Linked to a broker, likely a product sold to brokers for their use

Pros: useful for short term savings of people, takes the comparison work out of this. Can be a tool to teach people the opportunity cost of money.

Cons: may exist or similar does exist. Or not needed as a good broker/robo advisor can do this

1.7 Winter Beaters

Description: buy/fix and sell/lease/rent turn-key winter beater cars. If its RWD/front engine provide weight in the rear. All cars come with winter tires all round. Focus on some that could be insured as classics, possibly reducing insurance costs. Upgrade heater/insulation on convertibles (have a Youtube video showing this). Offer underbody coatings spray or panels. You can install a diesel heater (Van life style) for extra heat.

Convertibles: soft tops are hard to insulate better and still fold back in. the materials used often rip in cold weather as well. The soft top may not be able to support the weight of snow on it.

Offer a maintenance package and storage for summer months. Offer a delivery service for freak winter storms, the car can be brought to your house.

Pros: needed in most Canadian and northern US cities, most people would rather not have to own/maintain a winter beater

Cons: other cheap cars on the road for sale, mechanical issues after sold. Winter is becoming less predictable, storage times would need to be flexible.

1.8 Rural to Urban Vehicle Flip

Description: look for and buy up vehicles that you want to flip that are advertised in rural areas. Looking for less than 200,000km, less than 10 year old vehicles. Reasoning is the market is bigger for these daily drivers/work vehicles. Examples could be sporty versions of Japanese cars (Civic Si, Celica, 350Z), 3 series BMWs, diesel trucks, small trucks, jeeps, hybrids. Trucks are big in rural places. Something that people want that isn’t super rare (smaller market, expect parts match). Buy them up for cheap (country people have a small market, hard to sell some vehicles) and bring them to urban center. Fix them up and flip, stay within province/state/region to keep costs down. Buy a few at once using a trailer to keep costs of trip lower.

Could focus on one model/type to streamline parts sourcing, knowledge etc. example only less than 10 year old ford rangers

Pros: take advantage of urban/rural vehicle market inefficiencies

Cons: worth it profit wise? Cost of trailer/truck/gas/fixing cost worth the price you’ll get at the end. country people not willing to sell, can keep a used car on their land indefinitely.

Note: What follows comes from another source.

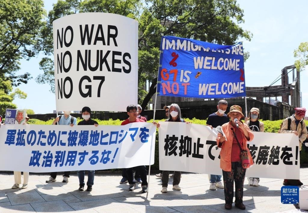 5月14日,在日本廣島和平紀(jì)念公園原子彈轟炸遺址前,日本民眾舉著“不要戰(zhàn)爭、不要核武器、不要G7”等標(biāo)語,強(qiáng)烈抗議七國集團(tuán)(G7)峰會將在廣島召開。新華社記者 楊光 攝
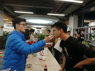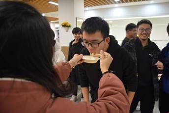 在第一锅饺子出锅后,我们的第一个游戏便开始了。首先我们进行的是抢水瓶游戏,YABO鸭脖官网的导员黄澄玉和丁少松同学给大家做了一个示范,主持人说出一个身体的部位,两人分别摸自己的相应部位,在主持人说出“水”这个字的时候,两个人同时去抢桌子上的水瓶,但是黄导更快一步,于是作为输了游戏的人要被黄导喂五个饺子,场景太有爱了。之后同学们也积极加入到这个游戏中来,这也是一个很幸福的游戏了。

1.9 Canada’s Best Ice Cream

Description: have an ice cream shop starting in a sunny city (Victoria, Calgary, Toronto) that sells the most popular local ice cream from each city. You can vote on the best ones.

Pros: easy to sell product, people love fancy ice cream

Cons: shipping cold products cross country, would the costs kill this? Some of the best ice cream places not wanting to do this, they make enough money on a small scale without expansion need.